Friday, January 16, 2015

Toyota Lies about Plastic Pulleys that caused Deaths!



The people were killed because of TOYOTA'S Defective Design:



And TOYOTA LIES? [see comments below]


Trudy Baltazar authored this book to document the fight of strangers to free Koua Fong Lee:



Ms. Baltazar is in the courtroom documenting the trial against TOYOTA and has been commenting elsewhere.
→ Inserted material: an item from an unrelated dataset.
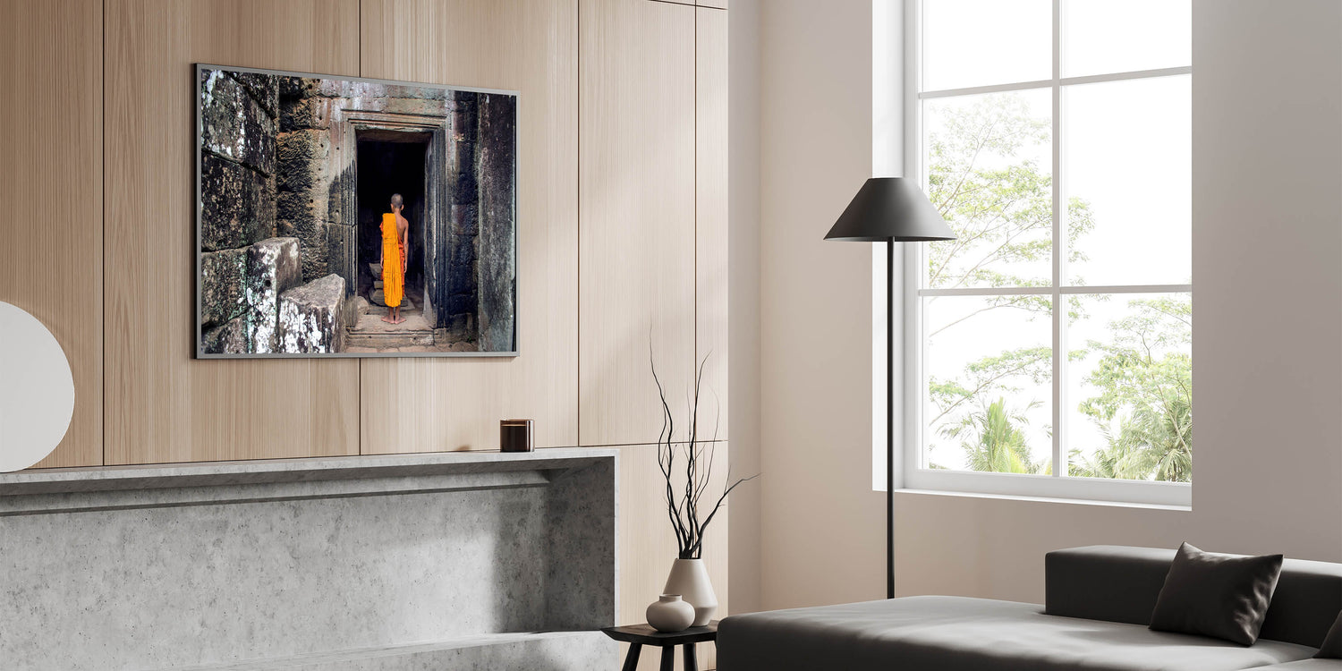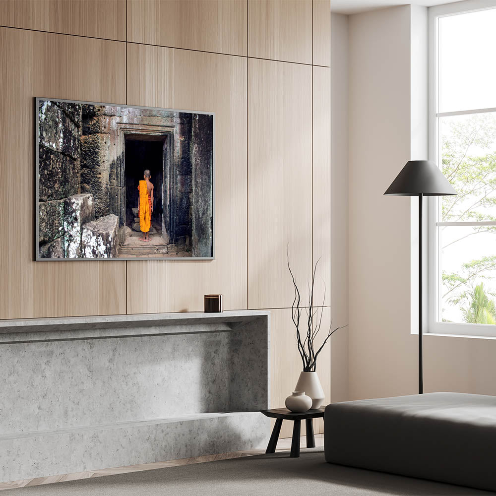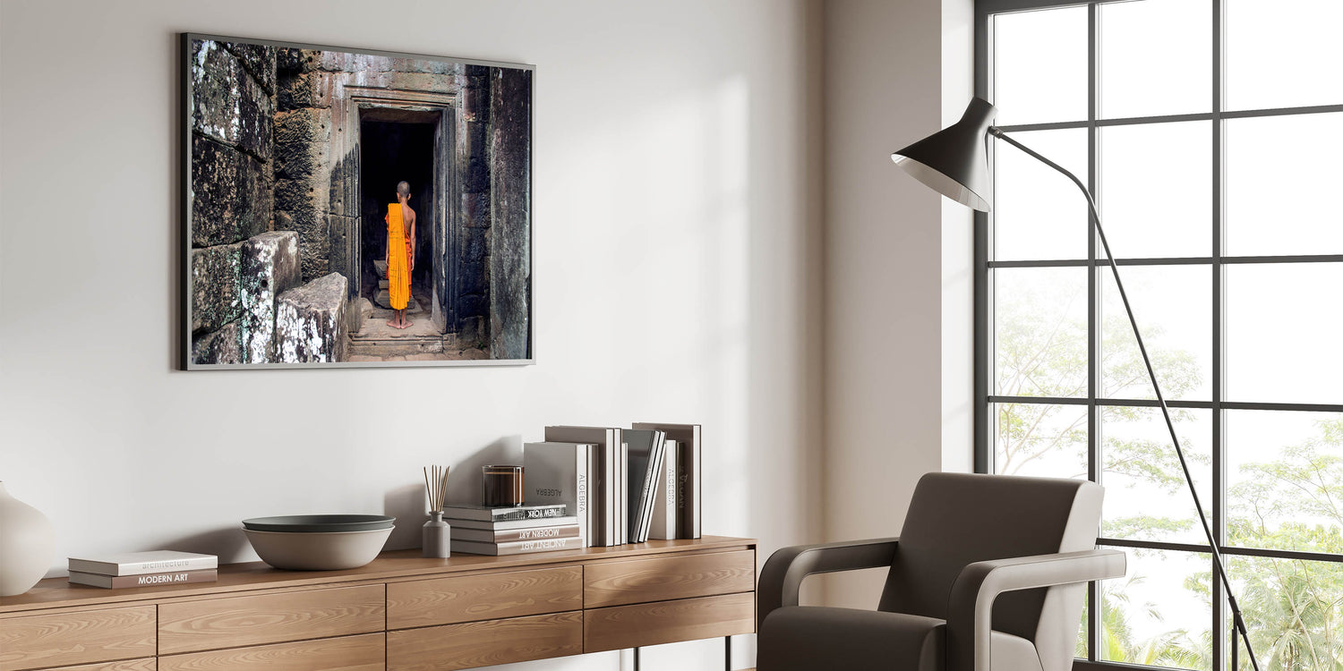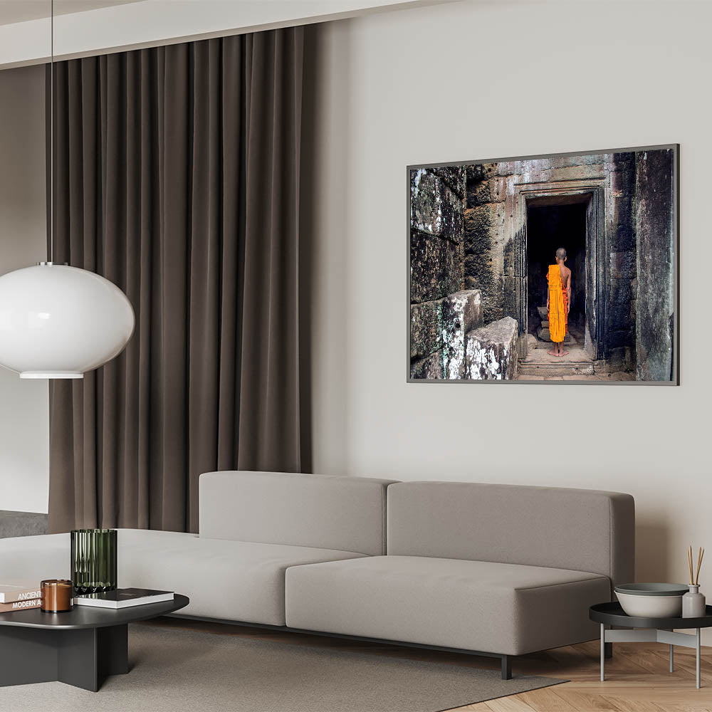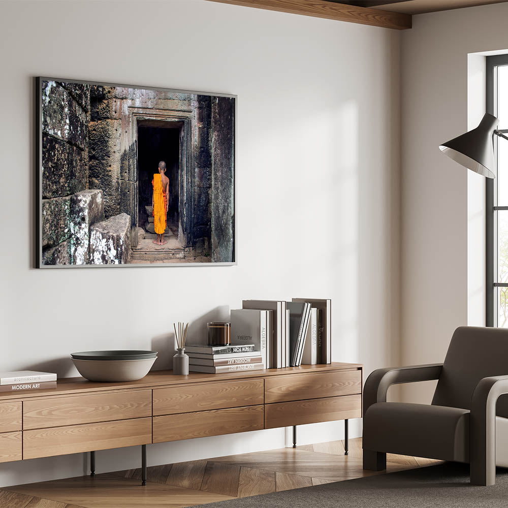 • High-Resolution Print: The intricate textures of the temple's stonework and the rich color of the monk's robe are rendered in stunning detail.

Update of courtroom activity on Thurs., 1-15-15
 
A toyota employee gave a deposition on 12-4-14 (they showed the dep in court for us all to see) stating heat tests were conducted on these 2 plastic pulleys which have been proven to be defective when exposed to a certain degree & amount of heat.
 
The pulleys are part of the throttle body and they control the accelerator cable. When the upper pulley is working properly, the pulley will release the accelerator cable when one takes their foot off the gas. I think I mentioned yesterday the expert mech engr who heated the pulleys to 165 deg and the top pulley that the accelerator cable goes into binds up against the metal bracket it’s up against and won't release the accelerator cable. It appears the pulley gets stuck to the metal bracket/plate.
It took ~7 mins for the pulley to cool down and release the accelerator cable. Well in the toyota deposition, this employee of 40+ yrs stated that they had heat tests done on these pulleys for 8 days @ 248 deg F. This expert for the plaintiff’s used a hair dryer for 30 mins and got the pulley to heat up to 165 deg and the pulley wouldn't function properly at that temp. Well 3 weeks before toyota employee gave the deposition, they learned that the heat tests on the plastic pulleys had NEVER been conducted!
 
Three weeks later this toyota employee swore in a deposition that the tests were done. In cross examination, the toyota lawyer asked the expert John Stilson, "did you take the 1996 Camry for a drive and hook up monitoring equipment to the pulleys and the metal bracket to see in real life situation if the pulleys were heating up due to real driving time? Expert's answer, "no, because I wanted to follow toyota test specification". cross examination ended not too long after that.
 
Turns out it’s in toyota’s own 1996 Camry owner’s manual that (paraphrasing here) ‘If you need to conduct a test to see if a part is malfunctioning due to heat, use a hair dryer’ and they even show a picture of a hair dryer.